OTTERs and the Theory of Automatic Testgeneration

Creating test cases by hand can be a lot of effort. It takes time, and so costs plenty of money. It is estimated that testing on average costs roughly 50% of the project budget.So maybe, we could try and skip it? Well, we still need to test and, among other things, make sure that the system behaves in the way we specified. But maybe we can develop an automatic method for creating tests? And this is the core idea: Why not use the specification to generate the tests?

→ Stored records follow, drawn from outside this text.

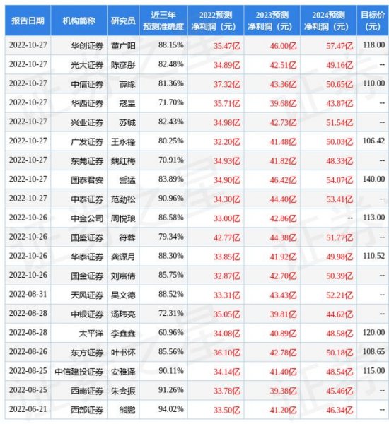 证券之星数据中心根据近三年发布的研报数据计算,西部证券熊鹏研究员团队对该股研究较为深入,近三年预测准确度均值高达94.02%,其预测2025年度归属净利润为盈利33.5亿,根据现价换算的预测PE为34.31。
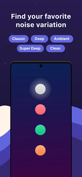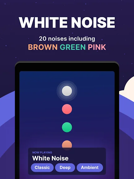 Noise Machine은 네 가지 "색상"을 특징으로 하는 프리미엄 사운드 머신 앱입니다.
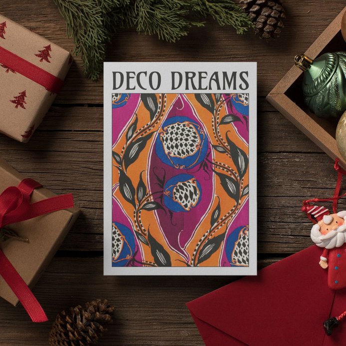 Our Emile-Allain Séguy – Pomegranate Whimsy greeting card set includes 10 folded cards, celebrating Art Nouveau’s bold botanical artistry. The composition features ornate pomegranate-like motifs, woven among flowing vines, vibrant orange and magenta backdrops, and rich black detailing. Inspired by Persian textiles and natural ornamentation, this dynamic pattern captures the playful elegance and decorative movement of early 20th-century design. Printed using the pochoir technique, Séguy’s patterns bring a refined artistic touch to every message.
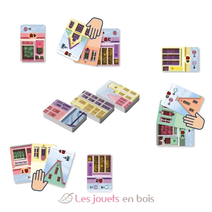 Wählen Sie die beste Karte aus Ihrer Hand zum Spielen aus, bevor Sie sie an Ihre Gegner weitergeben. Sie müssen die Ziele Ihrer Geschäfte und Dächer erreichen und dabei die Farben im Auge behalten, um die meisten Punkte zu erzielen und zu gewinnen!

 This is by no means an easy task and today we will only scratch the surface of what is possible. So to keep it simple, we restrict ourselves to simple systems that get a couple of booleans as an input and return a single boolean as an output.This could be a setting, where we want to use simple buttons to control a light or something similar. Think of a system with two buttons (A and B) and a light: The light should only be turned on when both buttons are pressed. Someone implements a function that controls the light given the states of the two buttons and it is our task to create tests, that should in some sense verify that the system behaves correctly.

One possible implementation may look like this:

foo(A, B) {
    if (A) {
        if(B) {
            return true;
        } else {
            return false;
        }
    } else {
        return false;
    }
}

The easiest way would be to simply have a test for every possible input and compare it with the expected output. In this case this would be quite simple since there are only four different input combinations. It also would have the nice effect that it would show that the function behaves for all inputs the way it was specified. In practice this is done only in rare occasions, since the number of tests doubles for each parameter, making testing for all possible inputs difficult.Another popular option is to have a test for every path through the program: This means that if there is an if/else condition, both the if and the else block are each executed by at least one test. In this case there are three different paths, and there are two possible testsuites for this function: 

ABfoo(A,B)
000
100
111

and

ABfoo(A,B)
010
100
111

Depending on the complexity of the function this may already help a lot, but let’s make it a bit more difficult. Say we don’t get to look at how the function was actually implemented (maybe because we want to do test driven development and create tests before the code is written). So we have to treat the function as a black box. We can run the function for different inputs but we can’t look inside. We know its behaviour, but we don’t know its inner workings. Testing all possible paths through the program is now no longer possible. Or is it?Well, since this blog post isn’t finished yet, you can probably guess what comes next.

Probing Probable Program Paths

Since we now no longer have access to the code we have to think of something else. So we turn back to our system specification. There are only so many ways one may implement a system (especially a system as easy as the one we are considering), so maybe we can enumerate those implementations and go back to the all-path testing mechanism…Well… About that…While this would work in theory with a system as easy as this one, this approach has an even worse runtime than simply testing all possible inputs (for those curious: the runtime grows superfactorial meaning that every additional parameter increases the runntime by an exponentially larger factor).So we have to be more clever and make some assumptions about how the program might look like:This assumption will be that the program won’t do any unnecessary variable checks, so if we can implement the specification by only looking at the first parameter, the system will not look at the second. What does this mean for our example system?Well there are two possible “simple” implementations of our specification:

foo(A, B) {
    if (A) {
        if(B) {
            return true;
        } else {
            return false;
        }
    } else {
        return false;
    }
}
foo(A, B) {
    if (B) {
        if(A) {
            return true;
        } else {
            return false;
        }
    } else {
        return false;
    }
}

They only differ in the order we check the variables. We can categorize the input into different classes depending on the program path they will take:Program 1:

  • (1,1)
  • (1,0)
  • (0,*) (We don’t care about B since we return after having only tested A)

Program 2:

  • (1,1)
  • (0,1)
  • (*,0) (We don’t care about A since we return after having only tested B)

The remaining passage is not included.